• _GIVEN INFORMATION_:
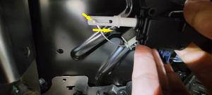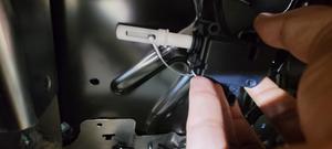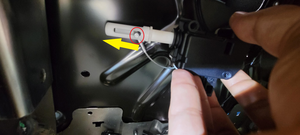 - 转动左侧第三排头枕传动装置,以便能够到头枕释放线缆,然后将线缆滑向传动装置底座。
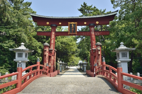 正保2年(1645年)に造られた入り口の鳥居は高さ約11mもある大鳥居で、明治34年(1901年)に国の重要文化財に指定。奈良の春日大社・広島の厳島神社の大鳥居とともに「日本三大鳥居」にも数えられています。
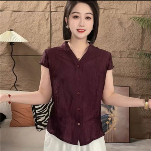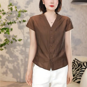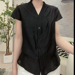ドロップシッピングライブブロードキャストホットスタイル2025気質新しい夏無地半袖シャツ女性のウエスト痩身ベスト
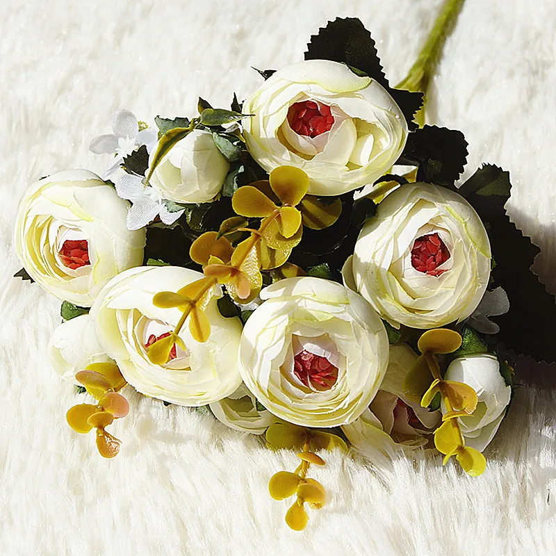 10 шт.1 букет шелковых чайных роз, букет невесты на Рождество, свадьбу, Новогоднее украшение, искусственные растения, искусственные цветы
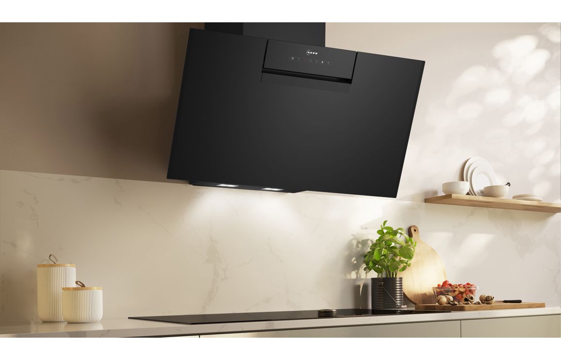Neff N50 D85IFN1S0B 80cm Angled Chimney Hood - Black Glass
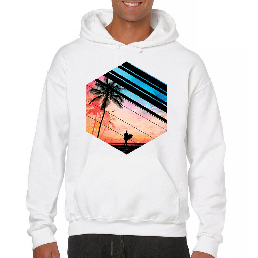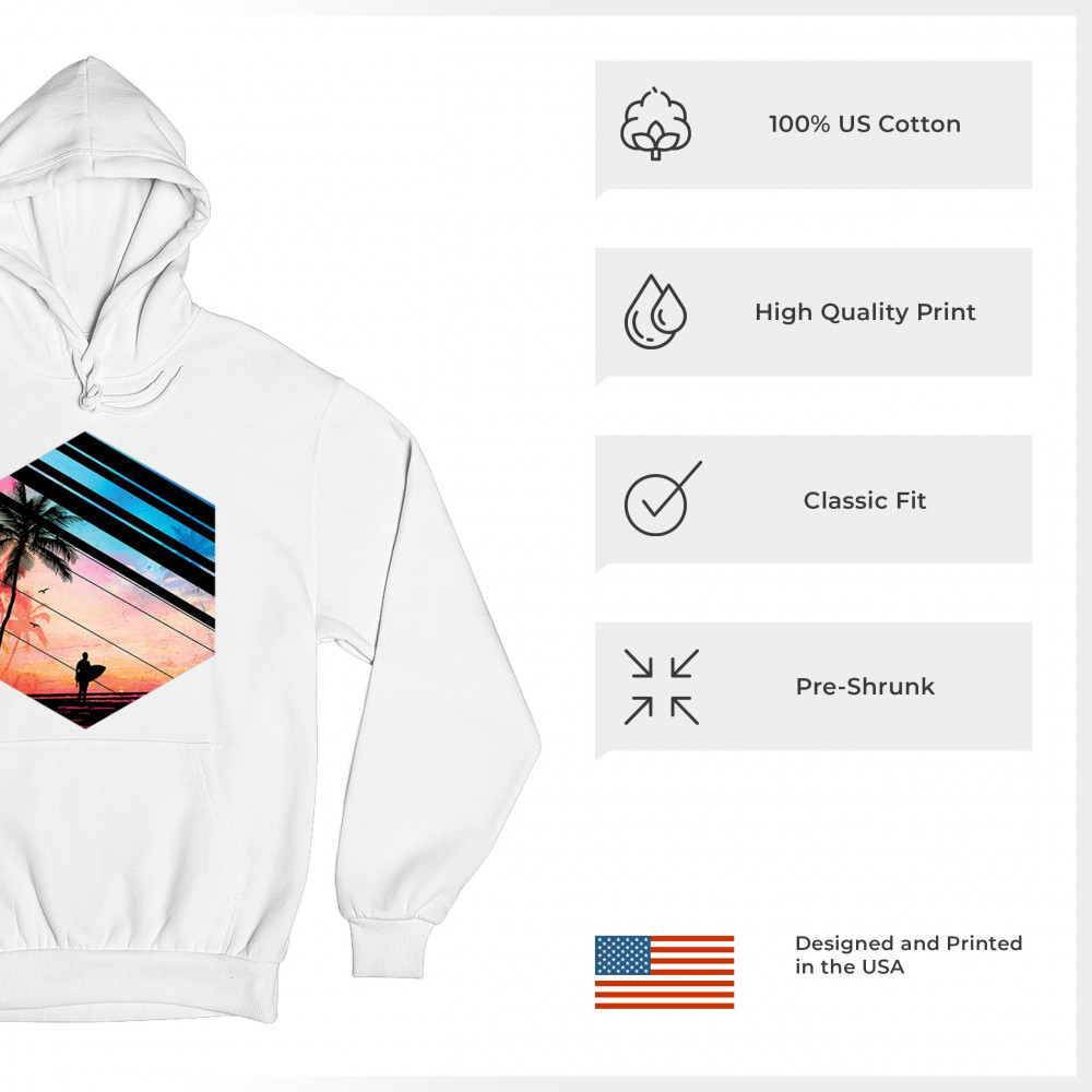 Catch the vibe of endless summer with our surf-inspired tee. Featuring silhouetted palms, warm gradients, and cool geometric shapes, it’s a visual journey from the urban grind to tropical tranquility. This tee is for the soul surfers and dreamers, made to be as enduring as the memories of your last wave. It's more than apparel—it’s a horizon of possibilities. Add this staple to your collection and let the good times roll.
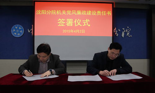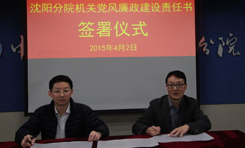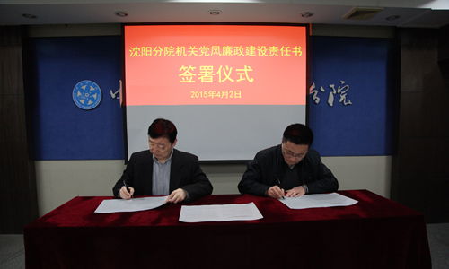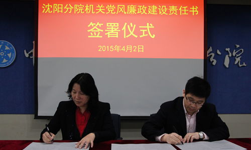 按照院党组关于加强中科院党风廉政建设的总体部署,1月末沈阳分院已组织分院院长、党组书记与系统各研究所所长、党委书记分别签订了个性化反腐倡廉建设责任书、党风廉政建设责任书。此次,分院领导班子成员与机关各部门负责人签订党风廉政建设责任书,是按照沈阳分院党风廉政建设责任制实施细则的要求,扎实抓好“两个责任”落实的又一具体措施。
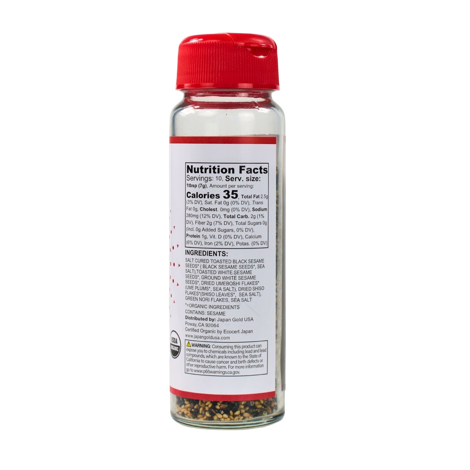 INGREDIENTS: Salt Cured Toasted Black Sesame Seeds*(Black Sesame Seeds* and Sea Salt), Toasted White Sesame Seeds*, Ground White Sesame Seeds*, Dried Umeboshi Flakes*(Ume Plums*, Shiso leaves*, and SeaSalt), Dried Shiso Flakes (Shiso Leaves* and Sea Salt), Green Nori Flakes, Sea Salt. *=ORGANIC INGREDIENTS
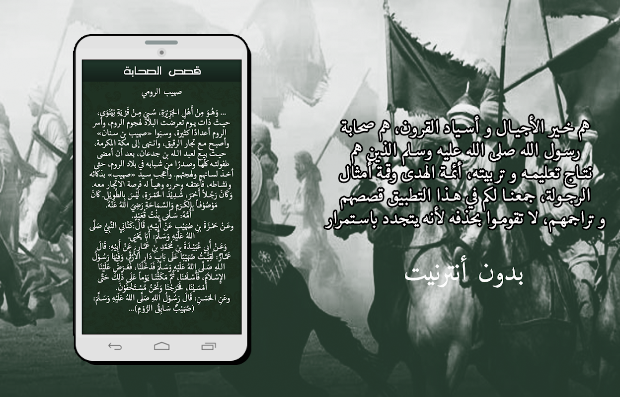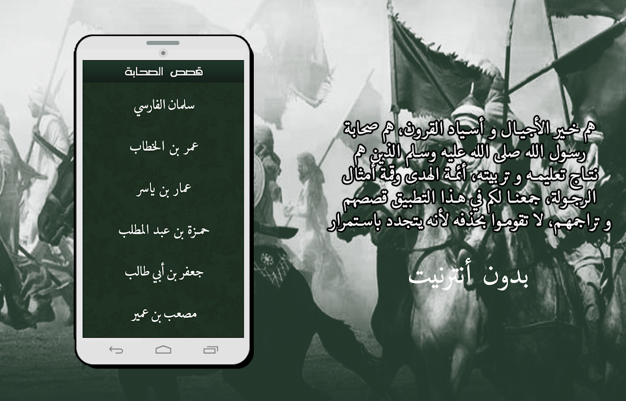 تطبيق قصص الصحابة رضي الله عنهم بدون انترنت ستجد فيه أبرز الأحداث و المعارك، و الفتوحات العظيمة، في عهد الصحابة رضوان الله عليهم..
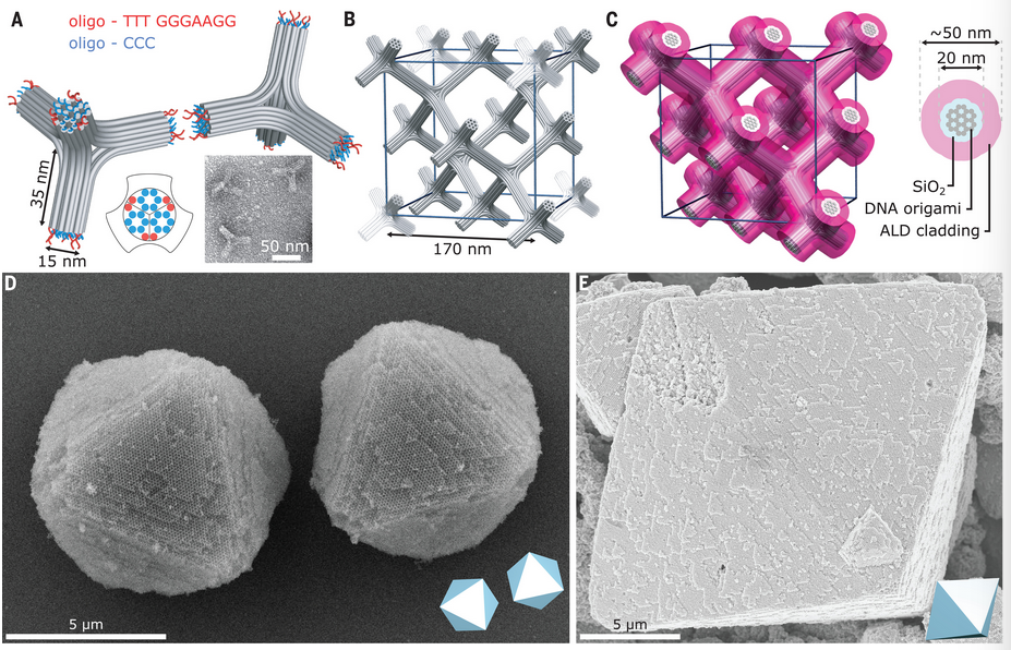 圖2 DNA折紙金剛石膠體晶體的分子設計和自組裝[2]
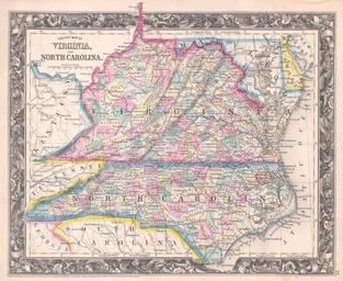 | Keywords: 1860 Mitchell Map of Virginia (undivided) and North Carolina - Geographicus - VANC-mitchell-1860.jpg One of the most difficult to find atlas maps issued by S A Mitchell Jr From the first edition 1860 of Mitchell ™s Mitchell ™s New General Atlas depicts a unified Virginia with North Carolina Includes parts of Kentucky Tennessee Maryland Georgia South Carolina and Delaware Denotes both political and geographical details including roads and proposed railroads One of the most attractive American atlas maps of this region to appear in the mid 19th century Features the floral border typical of Mitchell maps from the 1860-65 period Prepared by W Williams for inclusion as plate no 23 in the 1860 issue of Mitchell ™s New General Atlas Dated and copyrighted Entered according to Act of Congress in the Year 1860 by S A Mitchell Jr in the Clerk ™s Office of the District Court of the U S for the Eastern District of Pennsylvania 1860 dated Size in 13 5 11 25 object history credit line accession number VANC-mitchell-1860 <i>Mitchell's New General Atlas Containing Maps Of The Various Countries Of The World Plans Of Cities Etc Embraced In Forty-Seven Quarto Maps Forming A Series Of Seventy-Six Maps And Plans Together With Valuable Statistical Tables </i> 1860 first edition Geographicus-source PD-old-100 Maps by Samuel Augustus Mitchell Old maps of North Carolina Old maps of Virginia 1860 maps |
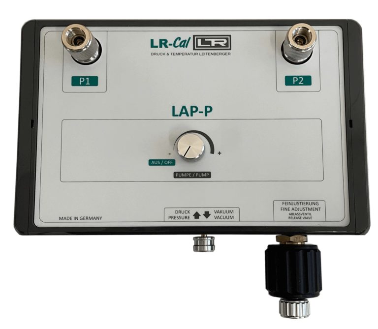 Due to the integrated electric pump, the LR-Cal LAP-P enables automatic and exact test pressure generation with the option of switching to vacuum generation. For precise adjustment for accurate comparison testing, the LR-Cal LAP-P electric pressure test pump is equipped with a fine adjustment valve.
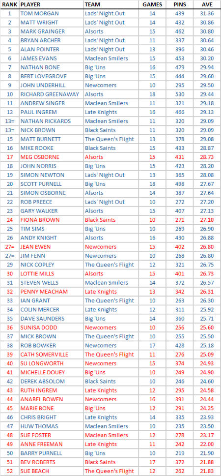 Unfortunately Division One data from this season has been (largely) lost due to the computer file being corrupted. All we can be certain of is that Ben Denton won the Men’s averages with 32.83, Carl Wood was second with 32.72 and Steve Lee third with 32.20.Winner of the Ladies’ averages was Sharon Frost with 28.71, Liz Bachelor was second with 27.67 and Heather Brown was third with 27.64
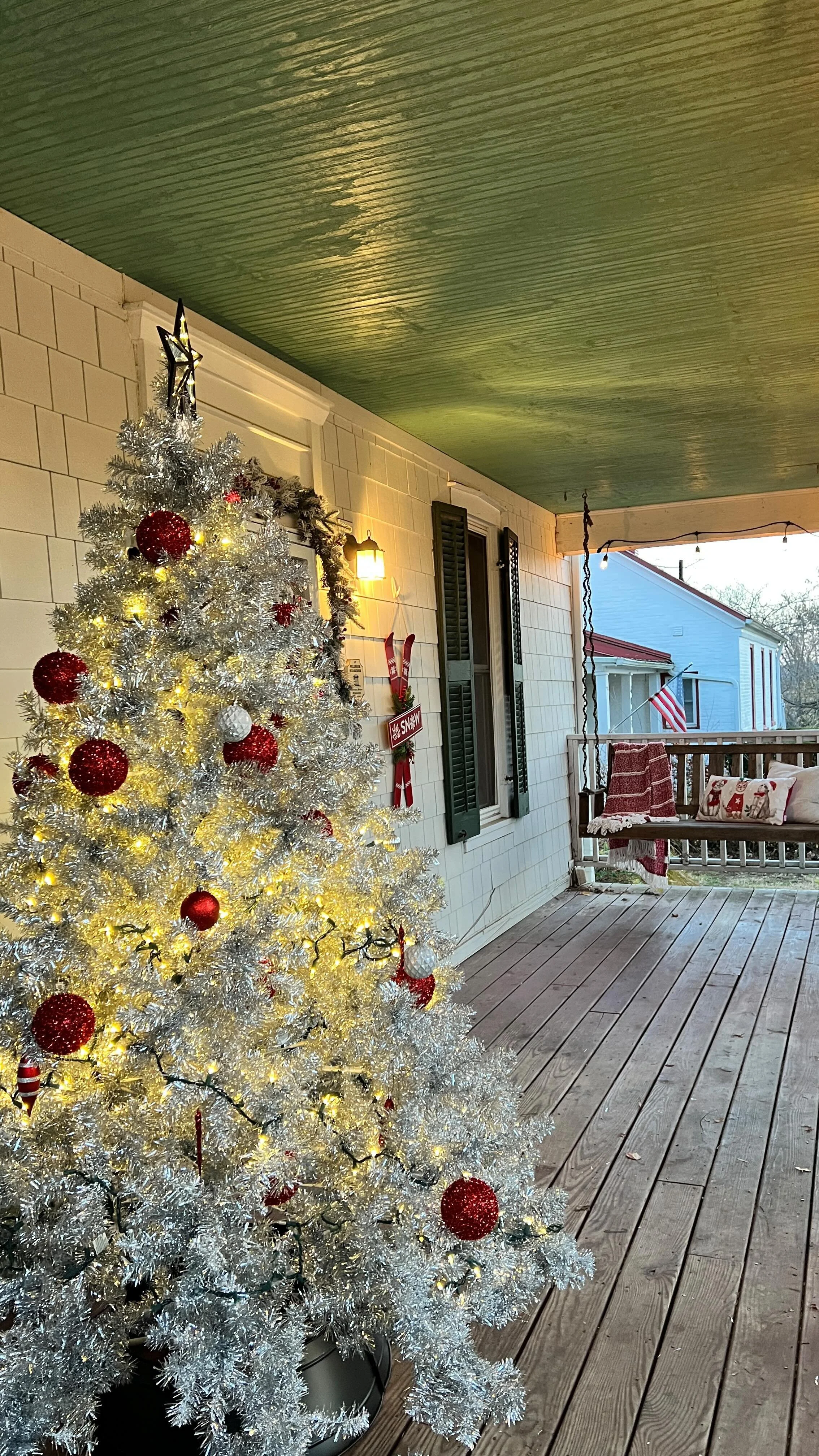 The sunporch is where tranquility and relaxation await. Unwind on the comfortable vintage couch, perfect for leisurely reading or simply enjoying a moment of serenity. Gather around the dining area and savor a delightful meal while basking in the soft glow of string lights overhead. With its panoramic view of the picturesque back yard, this sunporch offers both privacy and a soothing ambiance, providing the ideal space for unwinding and rejuvenating your senses.

• _WHAT TO DO_: The finished copy should match the data above word for word and contain no pictures.

• _RESPONSE TO THE TASK_:
 - 转动左侧第三排头枕传动装置,以便能够到头枕释放线缆,然后将线缆滑向传动装置底座。
 正保2年(1645年)に造られた入り口の鳥居は高さ約11mもある大鳥居で、明治34年(1901年)に国の重要文化財に指定。奈良の春日大社・広島の厳島神社の大鳥居とともに「日本三大鳥居」にも数えられています。
ドロップシッピングライブブロードキャストホットスタイル2025気質新しい夏無地半袖シャツ女性のウエスト痩身ベスト
 10 шт.1 букет шелковых чайных роз, букет невесты на Рождество, свадьбу, Новогоднее украшение, искусственные растения, искусственные цветы
Neff N50 D85IFN1S0B 80cm Angled Chimney Hood - Black Glass
 Catch the vibe of endless summer with our surf-inspired tee. Featuring silhouetted palms, warm gradients, and cool geometric shapes, it’s a visual journey from the urban grind to tropical tranquility. This tee is for the soul surfers and dreamers, made to be as enduring as the memories of your last wave. It's more than apparel—it’s a horizon of possibilities. Add this staple to your collection and let the good times roll.
 按照院党组关于加强中科院党风廉政建设的总体部署,1月末沈阳分院已组织分院院长、党组书记与系统各研究所所长、党委书记分别签订了个性化反腐倡廉建设责任书、党风廉政建设责任书。此次,分院领导班子成员与机关各部门负责人签订党风廉政建设责任书,是按照沈阳分院党风廉政建设责任制实施细则的要求,扎实抓好“两个责任”落实的又一具体措施。
 INGREDIENTS: Salt Cured Toasted Black Sesame Seeds*(Black Sesame Seeds* and Sea Salt), Toasted White Sesame Seeds*, Ground White Sesame Seeds*, Dried Umeboshi Flakes*(Ume Plums*, Shiso leaves*, and SeaSalt), Dried Shiso Flakes (Shiso Leaves* and Sea Salt), Green Nori Flakes, Sea Salt. *=ORGANIC INGREDIENTS
 تطبيق قصص الصحابة رضي الله عنهم بدون انترنت ستجد فيه أبرز الأحداث و المعارك، و الفتوحات العظيمة، في عهد الصحابة رضوان الله عليهم..
 圖2 DNA折紙金剛石膠體晶體的分子設計和自組裝[2]
 | Keywords: 1860 Mitchell Map of Virginia (undivided) and North Carolina - Geographicus - VANC-mitchell-1860.jpg One of the most difficult to find atlas maps issued by S A Mitchell Jr From the first edition 1860 of Mitchell ™s Mitchell ™s New General Atlas depicts a unified Virginia with North Carolina Includes parts of Kentucky Tennessee Maryland Georgia South Carolina and Delaware Denotes both political and geographical details including roads and proposed railroads One of the most attractive American atlas maps of this region to appear in the mid 19th century Features the floral border typical of Mitchell maps from the 1860-65 period Prepared by W Williams for inclusion as plate no 23 in the 1860 issue of Mitchell ™s New General Atlas Dated and copyrighted Entered according to Act of Congress in the Year 1860 by S A Mitchell Jr in the Clerk ™s Office of the District Court of the U S for the Eastern District of Pennsylvania 1860 dated Size in 13 5 11 25 object history credit line accession number VANC-mitchell-1860 <i>Mitchell's New General Atlas Containing Maps Of The Various Countries Of The World Plans Of Cities Etc Embraced In Forty-Seven Quarto Maps Forming A Series Of Seventy-Six Maps And Plans Together With Valuable Statistical Tables </i> 1860 first edition Geographicus-source PD-old-100 Maps by Samuel Augustus Mitchell Old maps of North Carolina Old maps of Virginia 1860 maps |
 Due to the integrated electric pump, the LR-Cal LAP-P enables automatic and exact test pressure generation with the option of switching to vacuum generation. For precise adjustment for accurate comparison testing, the LR-Cal LAP-P electric pressure test pump is equipped with a fine adjustment valve.
 Unfortunately Division One data from this season has been (largely) lost due to the computer file being corrupted. All we can be certain of is that Ben Denton won the Men’s averages with 32.83, Carl Wood was second with 32.72 and Steve Lee third with 32.20.Winner of the Ladies’ averages was Sharon Frost with 28.71, Liz Bachelor was second with 27.67 and Heather Brown was third with 27.64
 The sunporch is where tranquility and relaxation await. Unwind on the comfortable vintage couch, perfect for leisurely reading or simply enjoying a moment of serenity. Gather around the dining area and savor a delightful meal while basking in the soft glow of string lights overhead. With its panoramic view of the picturesque back yard, this sunporch offers both privacy and a soothing ambiance, providing the ideal space for unwinding and rejuvenating your senses.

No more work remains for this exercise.